Take a look at 'describe extended tbl' to see the num_rows property.
Also show column stats should work as well.
For example:
[localhost:21000] > compute stats tdata;
Query: compute stats tdata
+-----------------------------------------+
| summary |
+-----------------------------------------+
| Updated 1 partition(s) and 9 column(s). |
+-----------------------------------------+
Fetched 1 row(s) in 0.51s
[localhost:21000] > show column stats tdata;
Query: show column stats tdata
+--------+-----------+------------------+--------+----------+----------+
| Column | Type | #Distinct Values | #Nulls | Max Size | Avg Size |
+--------+-----------+------------------+--------+----------+----------+
| id | INT | 1494 | -1 | 4 | 4 |
| valf | FLOAT | 1 | -1 | 4 | 4 |
| vali | BIGINT | 1 | -1 | 8 | 8 |
| valv | STRING | 1 | -1 | 3 | 3 |
| valb | BOOLEAN | 2 | -1 | 1 | 1 |
| valt | TINYINT | 1 | -1 | 1 | 1 |
| vals | SMALLINT | 1 | -1 | 2 | 2 |
| vald | DOUBLE | 1 | -1 | 8 | 8 |
| ts | TIMESTAMP | 1 | -1 | 16 | 16 |
+--------+-----------+------------------+--------+----------+----------+
[localhost:21000] > describe extended tdata;
Query: describe extended tdata
+------------------------------+-------------------------------------------------+-------------------------------------------+
| name | type
| comment |
+------------------------------+-------------------------------------------------+-------------------------------------------+
| # col_name | data_type
| comment |
| | NULL
| NULL |
...
| | NULL
| NULL |
| # Detailed Table Information | NULL
| NULL |
| Database: | default
| NULL |
...
| Table Parameters: | NULL
| NULL |
| | DO_NOT_UPDATE_STATS
| true |
| | STATS_GENERATED_VIA_STATS_TASK
| true |
| | kudu.master_addresses
| 127.0.0.1 |
| | kudu.table_name
| impala::default.tdata |
| ==========> | numRows |
1500 |
...
>
> Is there any command set rows information into kudu's stats?
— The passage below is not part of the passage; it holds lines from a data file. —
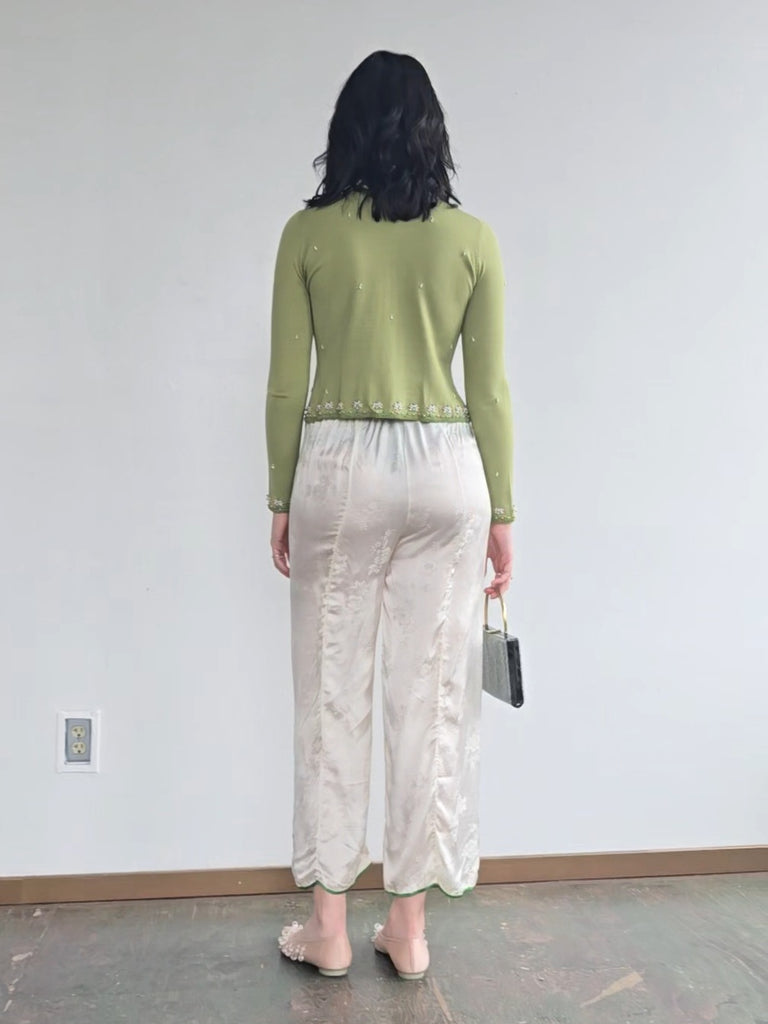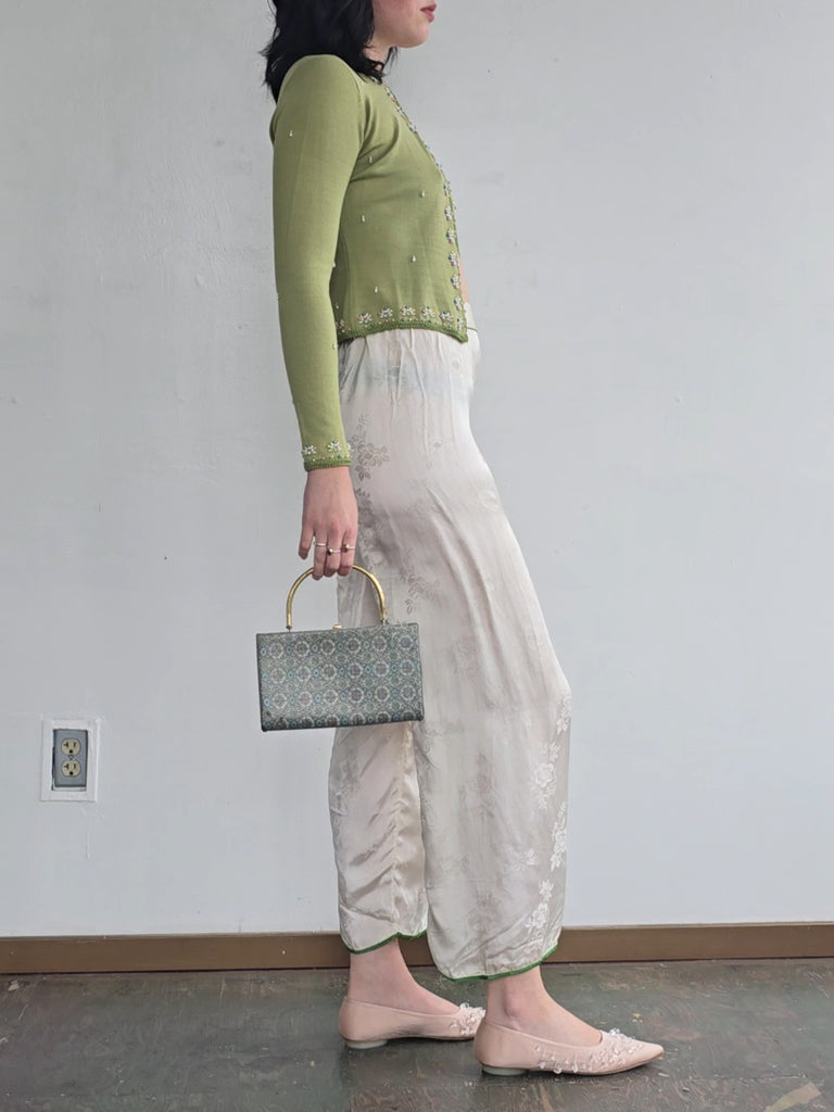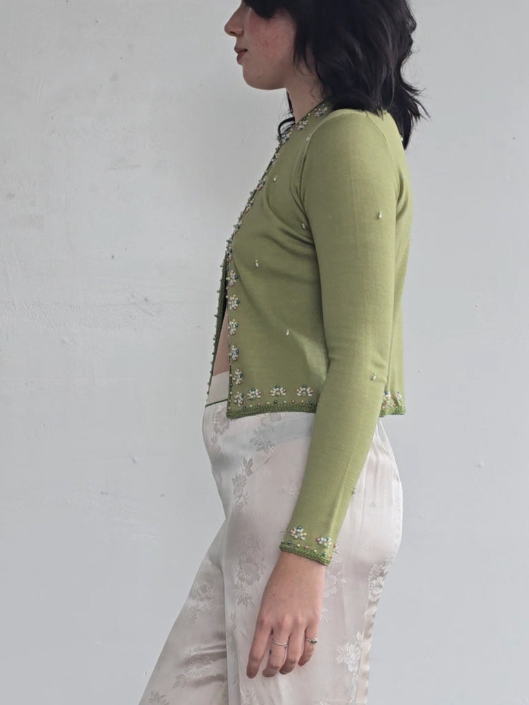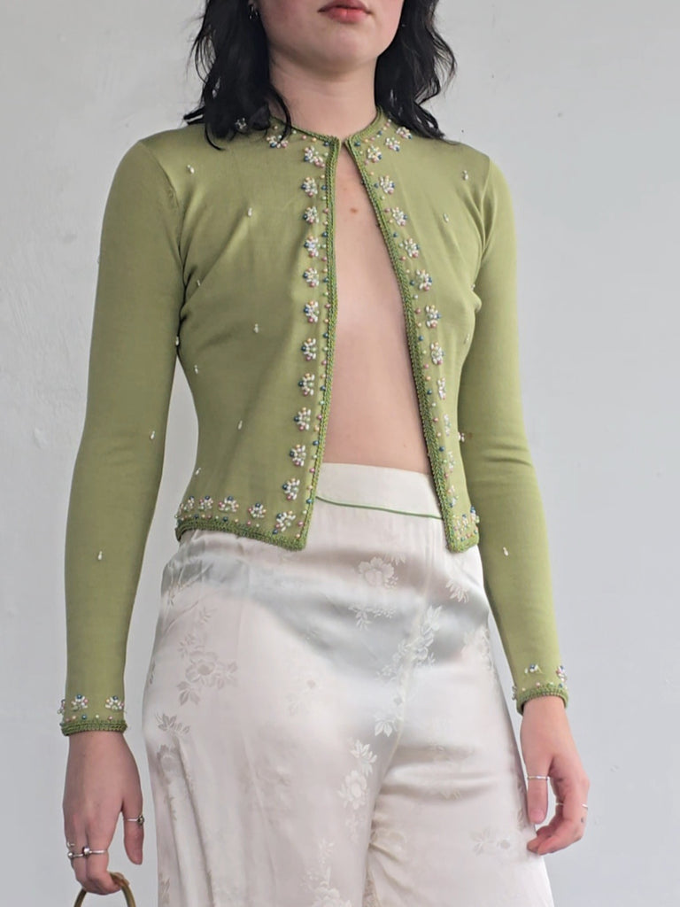 Vintage early Y2k pistachio green stretchy silk cardi with sweet beading and ribbon embellishment. Hidden hook + eye closures. Excellent condition, marked size S.
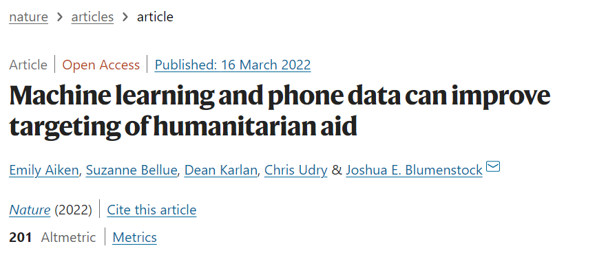 在近日发表在 Nature 上的论文《Machine Learning and Phone Data can Improve Targeting of Humanitarian Aid》中,来自加州大学伯克利分校、德国曼海姆大学、美国西北大学的研究者展示了利用手机网络的数据可以提升人道主义救援的针对性。
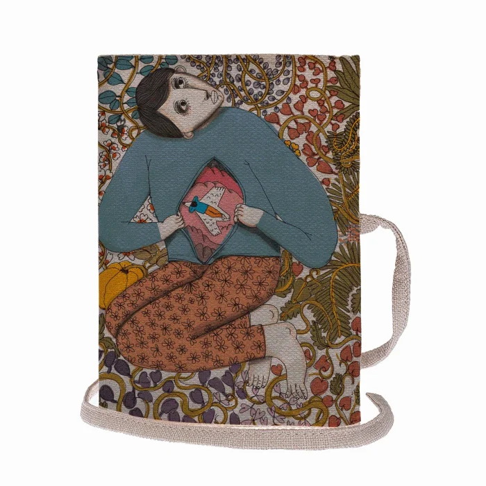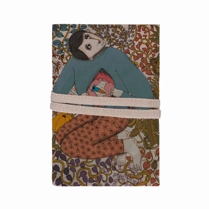 100% Linen Digital Printing Book Case & Pen Holder, Wallet, iPad Case It is used as an organizer in the bag, it has a book, ipad mini, phone, pen and a zippered compartment. Content: 1 Book Case 1 Sketchbook (A5 size notebook) 2 Wooden Pencils The drawings belong to "@serkanakyol". PRODUCT: HUMAN BOOK CASE WHOSE HEART IS ALWAYS WINTER DESIGNER: SERKAN AKYOL
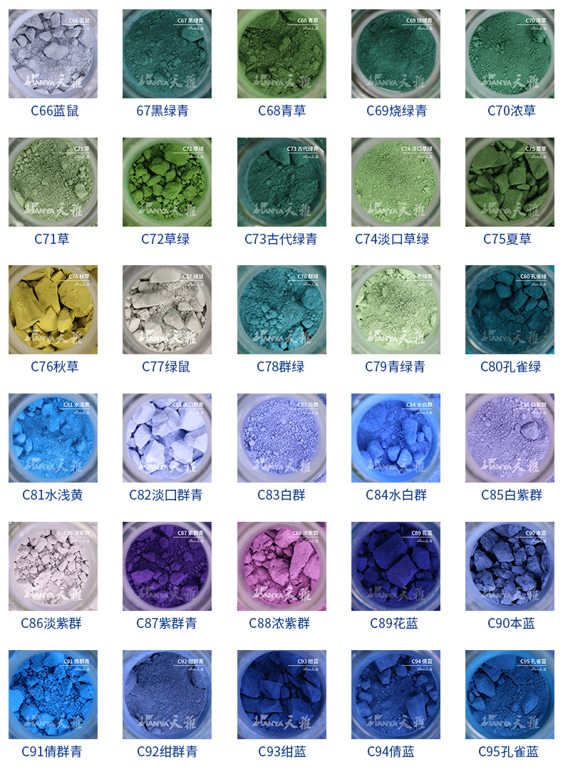 티아냐 미네랄 안료 중국 회화 록 컬러 중색 조각 벽화 탄페라 슈퍼 미세 물 건조 분말 C143 그린 그린스토어 가기
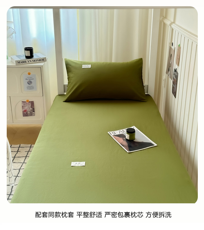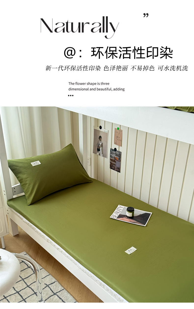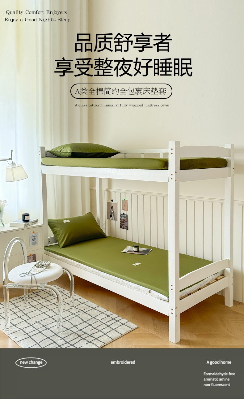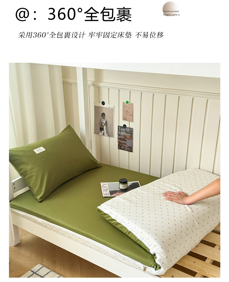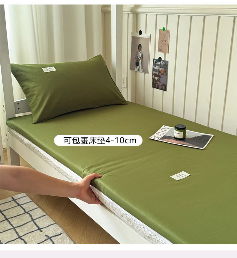 • 91家纺网 家纺一手货源 找家纺 眠博士 2024新款A类学生床纯色40支13372全棉床笠床垫保护套 床垫套-军绿
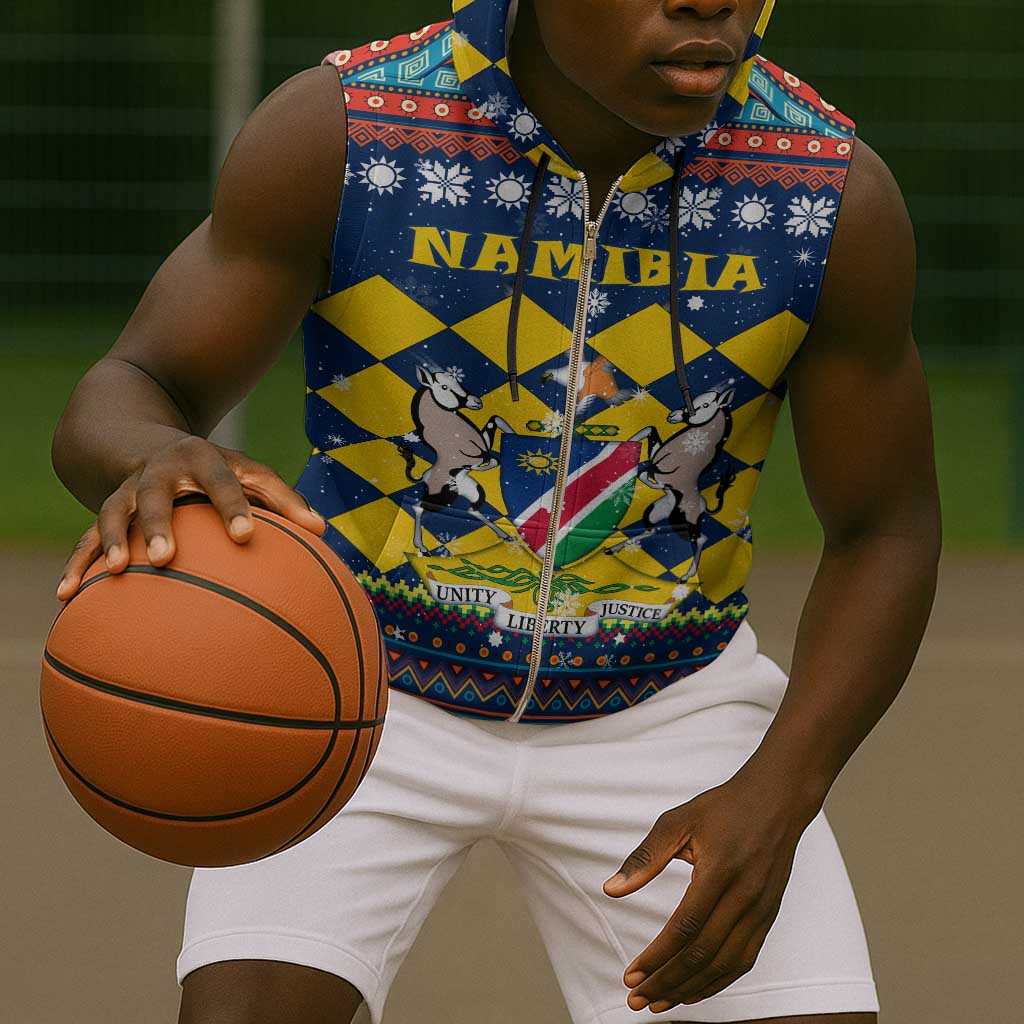 Namibia Christmas Sleeveless Zip Hoodie Coat of Arms and Flag Map Motif

You did. You set the number of rows on the table. As I said there is
no way to set partition stats, nor would it make any difference to the
planner yet. You can reference IMPALA-2830 to track work related to
Impala-Kudu statistics in the future.
>
> Thanks! Have a nice day :)
>
>
>
>
>
> 2017-04-25 20:41 GMT+09:00 Jeszy <[email protected]>:
>> Hey,
>>
>> The difference in the distinct values is expected, the estimation that
>> the NDV function
>> (https://www.cloudera.com/documentation/enterprise/latest/topics/impala_ndv.html)
>> gives is good enough, and the execution is much faster. You can set
>> both the table and the column stats manually as described here:
>> https://www.cloudera.com/documentation/enterprise/latest/topics/impala_perf_stats.html#perf_table_stats_manual.
>>
>> From your question it seems you expected Impala to return the column
>> statistics-stored value for the distinct count. This is not possible
>> currently, the intent with these statistics is to help planning by
>> allowing Impala to come up with a more educated guess on join ordering
>> and cardinality - if you look at a summary like the one you pasted,
>> the estimated values (both #rows and peak mem) is influenced by stats.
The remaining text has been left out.